Далее нужно отметить еще одну важную составляющую экзистенциальной психологии – работу с чувством тревоги. Беспокойство при принятии решений, тревога за собственное существование – неотъемлемый атрибут полноценного бытия. Именно тревога приводит к пересмотру жизненных ориентаций и осмыслению существования. Кроме тревоги, особую роль в жизни человека может играть скука. «Все начинается с окрашенной недоумением скуки, – писал А. Камю, – скука является результатом машинальной жизни, но она же приводит в движение сознание. Скука пробуждает его и провоцирует дальнейшее: либо бессознательное возвращение в привычную колею, либо окончательное пробуждение. А за пробуждением рано или поздно идут следствия: либо самоубийство, либо восстановление хода жизни».

Получается, что тревога и скука заставляют искать смысл жизни. По мнению Виктора Франкла, «сомнения в смысле жизни являются признаком самого человеческого в человеке». Человек нуждается в смысле. Из-за его отсутствия нередко развиваются психические нарушения, неврозы, разного рода зависимости. В. Франкл разработал учение о смысле жизни – логотерапию. Основой мировосприятия человека, говорил он, должна быть философия человеческой ответственности, или «трагический оптимизм». Утрата смысла приводит человека в «экзистенциальный вакуум», состояние, когда равнодушие и уныние доводят до грани самоубийства.

Смысл жизни для каждого уникален, о нем можно долго и бесцельно спорить. Но тот факт, что обретение смысла происходит чаще всего через творчество (самореализацию, созерцание произведений искусства), эмоциональные переживания (чувства любви, заботы, дружбы), вряд ли может вызывать сомнения.

Наверное, это же имел в виду А. Камю: «Я знаю, что есть в мире нечто, имеющее смысл, и это человек, ибо человек – единственное существо, претендующее на постижение смысла жизни». Важно отметить, что идеологи экзистенциализма, Сартр и Камю, даже признавая полную абсурдность бытия, никогда не говорили о самоубийстве как способе освободиться от бренного существования.

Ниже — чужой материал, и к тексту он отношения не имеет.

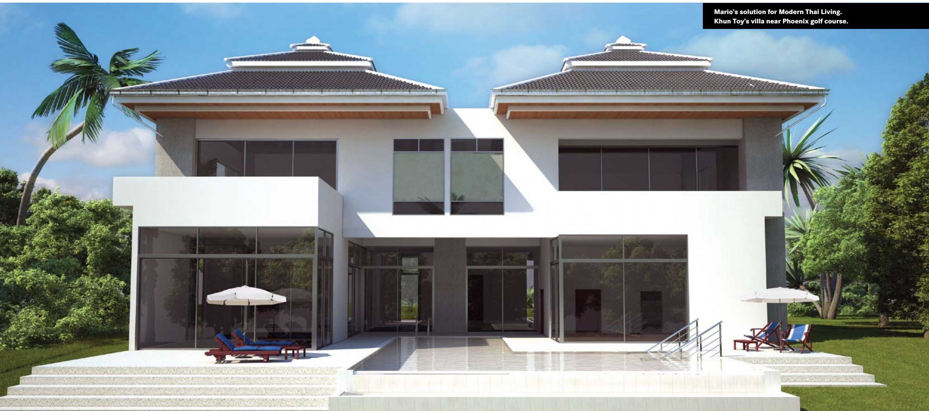
Mario’s solution for Modern Thai Living. Khun Toy’s villa near Phoenix golf course.

After all, it’s just one more boundary to exceed. Ω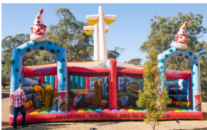
Circus Under the Sea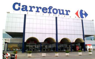
MALL CENTER CARREFOUR, (SEVILLE) HVAC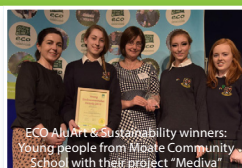
ECO Art & Sustainability winners: Young people from Moate Community School with their project 'Mediva'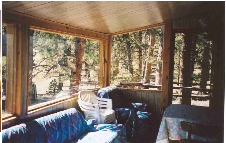
One view of the den, which also has a sofa bed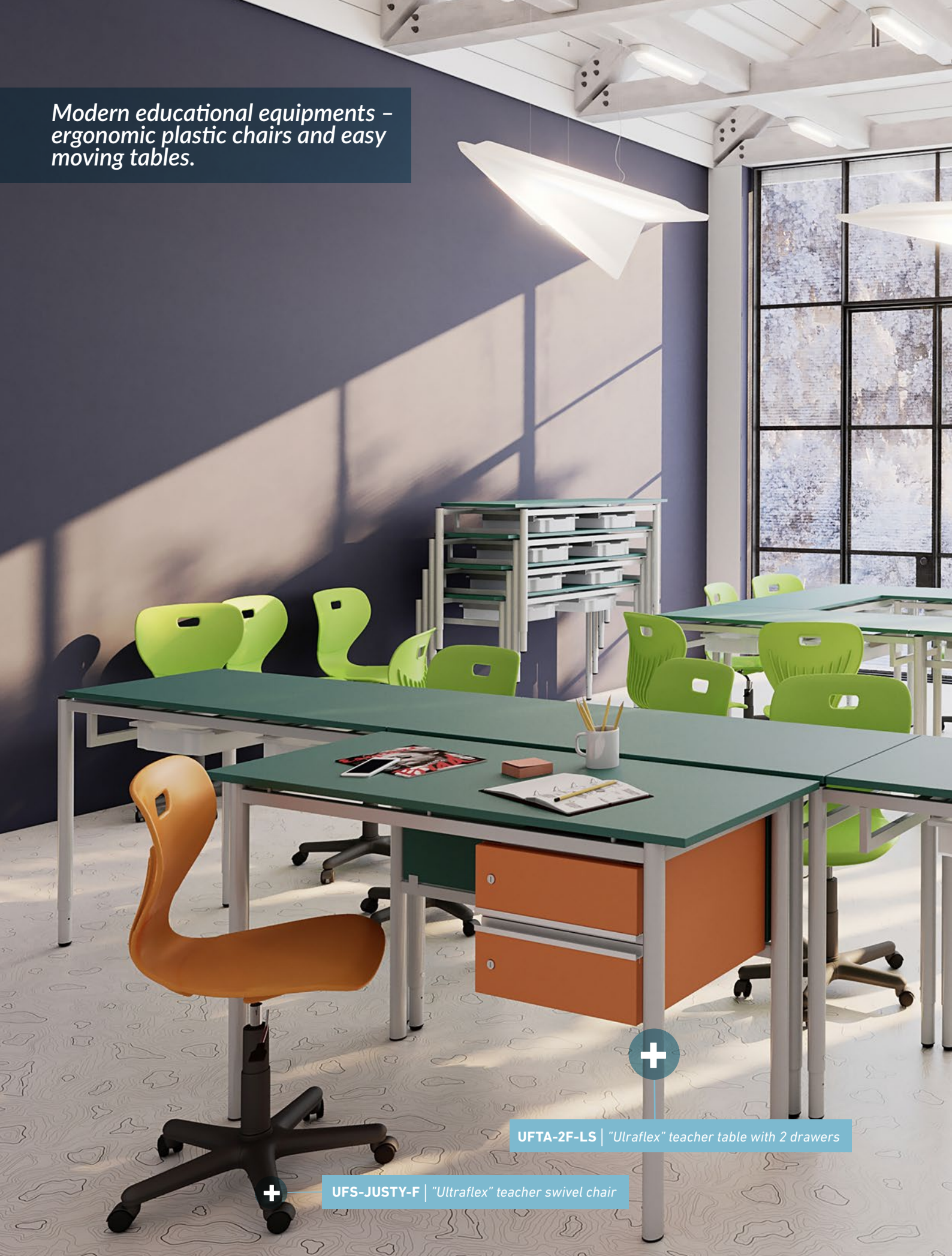
UFTA-2F-LS | "Ultraflex" teacher table with 2 drawers

Modern educational equipments - ergonomic plastic chairs and easy moving tables.

Свое слово в экзистенциальной психологии сказал американский психотерапевт, доктор медицинских наук Ирвин Ялом. Среди его работ – книга«Экзистенциальная психотерапия» – результат внимательных наблюдений и новых подходов в работе психолога. Исходя из самоценности личного конкретного опыта, И. Ялом убежден в необходимости разрабатывать отдельную терапию для каждого человека. Как он говорит, «экзистенциальные терапевты всегда настаивали на том, чтобы терапевт стремился понять личный мир пациента, вместо того, чтобы установить, как именно последний уклоняется от «норм»». Возможно, поэтому экзистенциальная психотерапия помогает справиться с такими безнадежными ситуациями, как депрессия вследствие пережитых критических ситуаций, внутренняя опустошенность, страхи, отсутствие смысла жизни. Особенную помощь она способна оказать при переживании посттравматического синдрома, тяжелых смертельных заболеваниях, потере близких.

Кроме этого, экзистенциальный терапевт заботится, чтобы его пациент был открыт возникающим в его жизни возможностям, которые могут быть шансом реализовать свои таланты. Экзистенциальная психология способна помочь преодолению диссонанса человека с окружающим миром. Не зря Д. Бюдженталь назвал ее «жизнеизменяющей терапией».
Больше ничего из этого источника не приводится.